By Marc Resnick
There was a great story on the Moth radio hour last night that illustrates why we shouldn’t use financial incentives to motivate creative or enjoyable activities. They only work (long term) on tasks that are done best through brute force and rote effort.
What made this story exceptional is that it was about monkeys in a research lab. All of the research I have read in this area looked at people. Some looked at students and some at workers. Some were in the US and some in Asia. But they were all people. It turns out, our simian cousins have the same reaction.
The researcher had the monkey play a game. It was fun for the monkey. AND, the monkey got a treat for playing. He got his favorite food instead of the regular stuff. But after pairing the game with the treat for several repetitions, it wasn’t fun anymore. The monkey just wanted the treat. So he played the game to get the treat, and wouldn’t play if there was no treat. After trying and trying and trying, eventually they got the monkey to play it again, but it was lethargically and methodically and he clearly wasn’t having any fun anymore. Shifting the monkey’s attention to the link between the treat and the game eliminated the link between fun and the game.

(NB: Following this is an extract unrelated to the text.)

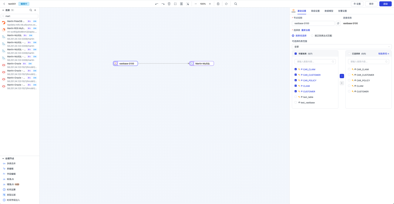 完成 TapData Agent 部署后,即可跟随以下教程在 TapData 中添加 Vastbase 数据连接(支持版本:Vastbase G100 2.2 版本),后续可将其作为源或目标库来构建数据管道。这里我们将以 Vastbase 为数据源,MySQL 为数据目标进行模拟演示。(*涉及工具版本为 TapData 本地部署版)

That research I was referring to earlier found this same effect in people. Whether you are talking about motivating workers to do their job better or students to study harder or people to play sports harder, providing tangible incentives (with people this is usually money) ruins the intangible incentives like fun and enjoyment. And without intrinsic motivation, people can do brute force and effort, but not be creative or have fun. This is a very important lesson for managers, entrepreneurs, parents, and pretty much everyone at some point.